Exercise data:
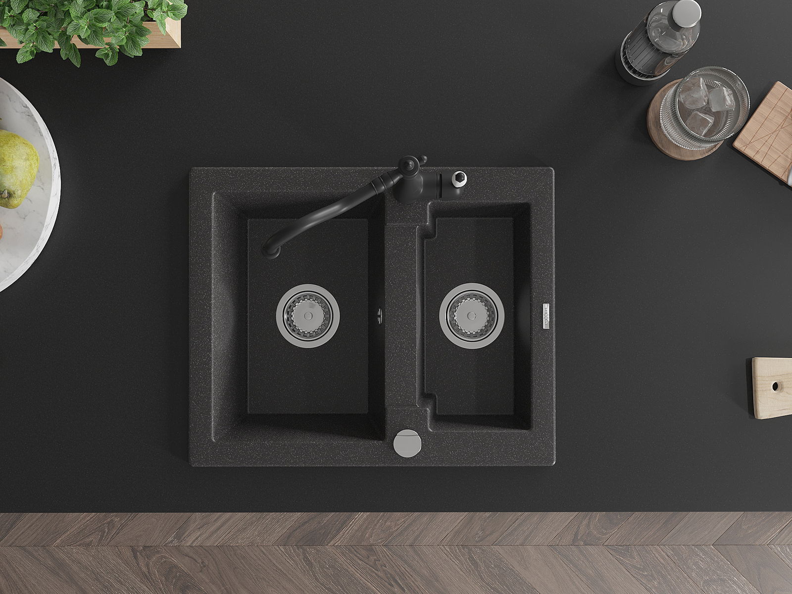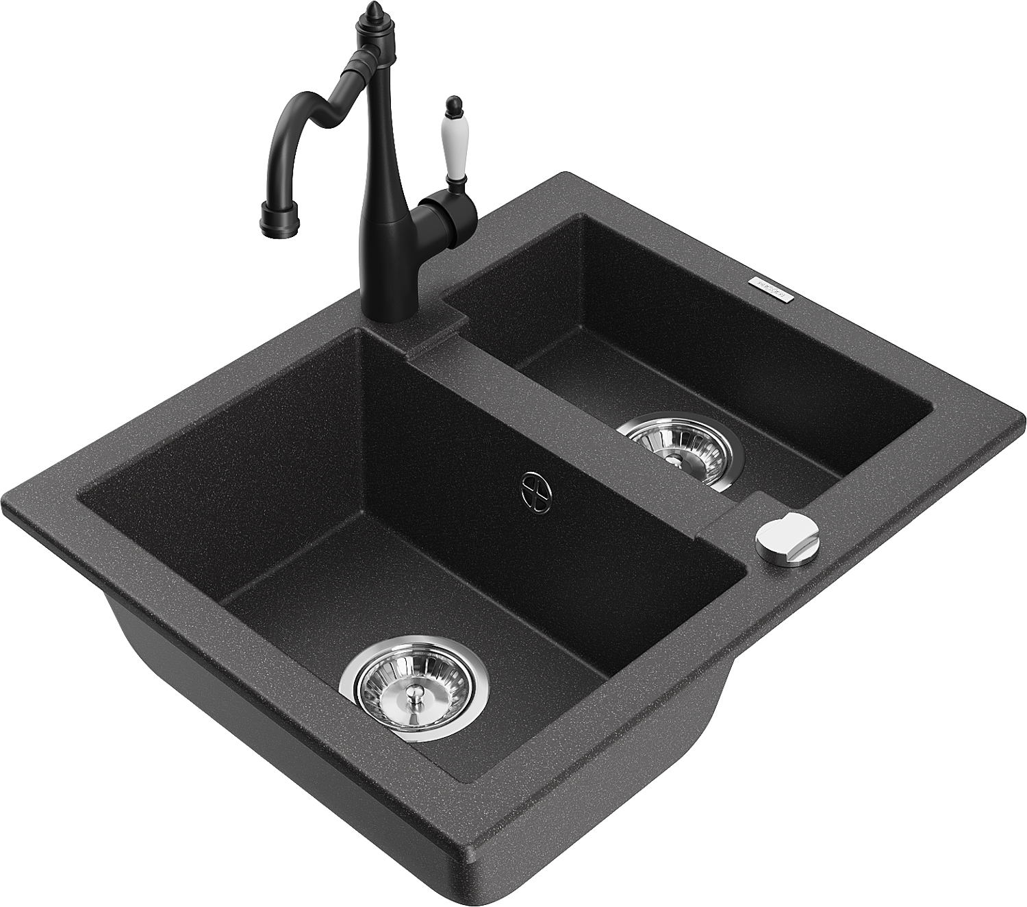 Mexen Carlos granitinis 1,5 kamerų virtuvinis kriauklė su virtuviniu maišytuvu Carla, juodas dėmėtas - 6518-76-670700-70
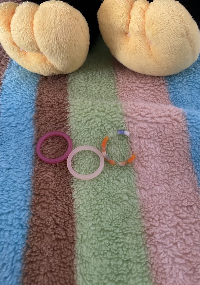 Pastel renklerde, bağlama desenli, elastik yapıda üçlü kadın yüzük seti. Rahat, bohem ve retro tarzı yansıtıyor.
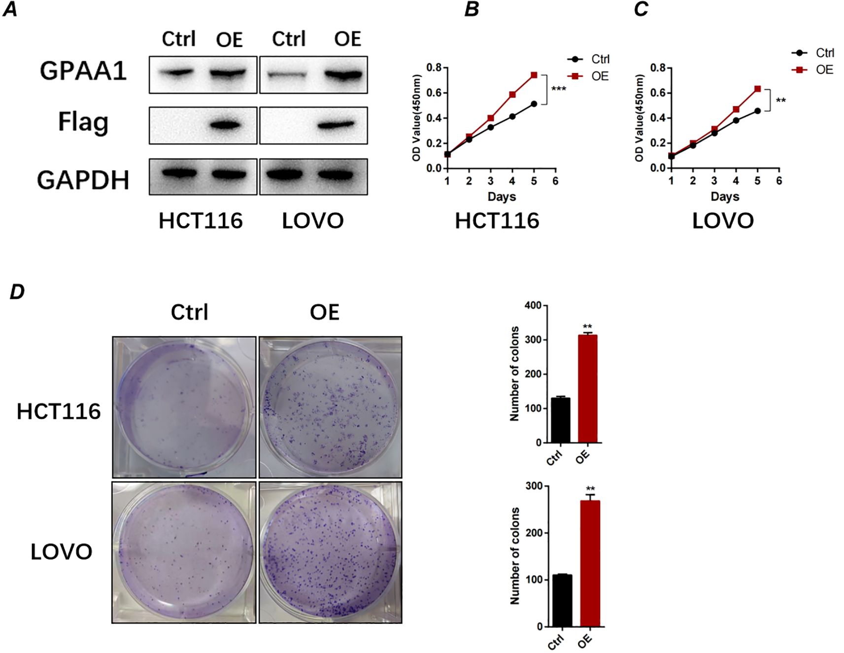 Figure 8. GPAA1 overexpression promotes proliferation and clonogenicity in colorectal cancer cells in vitro. (A) Western blot analysis confirming GPAA1 overexpression in HCT116 and LOVO cells transfected with GPAA1 plasmid (OE) compared to empty vector control (Ctrl). Flag tag indicates exogenous GPAA1 expression; GAPDH serves as loading control.(B, C) Cell proliferation measured by CCK-8 assay in HCT116 (B) and LOVO (C) cells over 6 days. GPAA1 overexpression significantly enhanced proliferation rates (**P<0.01, ***P<0.001). (D) Colony formation assays (left) and quantitative analysis (right) demonstrating that GPAA1 overexpression increased both the number and size of colonies in both cell lines (**P<0.01).

Task to carry out: Each line of the material is to be output exactly. Images are not part of the expected output.

Response below:
 Mexen Carlos granitinis 1,5 kamerų virtuvinis kriauklė su virtuviniu maišytuvu Carla, juodas dėmėtas - 6518-76-670700-70
 Pastel renklerde, bağlama desenli, elastik yapıda üçlü kadın yüzük seti. Rahat, bohem ve retro tarzı yansıtıyor.
 Figure 8. GPAA1 overexpression promotes proliferation and clonogenicity in colorectal cancer cells in vitro. (A) Western blot analysis confirming GPAA1 overexpression in HCT116 and LOVO cells transfected with GPAA1 plasmid (OE) compared to empty vector control (Ctrl). Flag tag indicates exogenous GPAA1 expression; GAPDH serves as loading control.(B, C) Cell proliferation measured by CCK-8 assay in HCT116 (B) and LOVO (C) cells over 6 days. GPAA1 overexpression significantly enhanced proliferation rates (**P<0.01, ***P<0.001). (D) Colony formation assays (left) and quantitative analysis (right) demonstrating that GPAA1 overexpression increased both the number and size of colonies in both cell lines (**P<0.01).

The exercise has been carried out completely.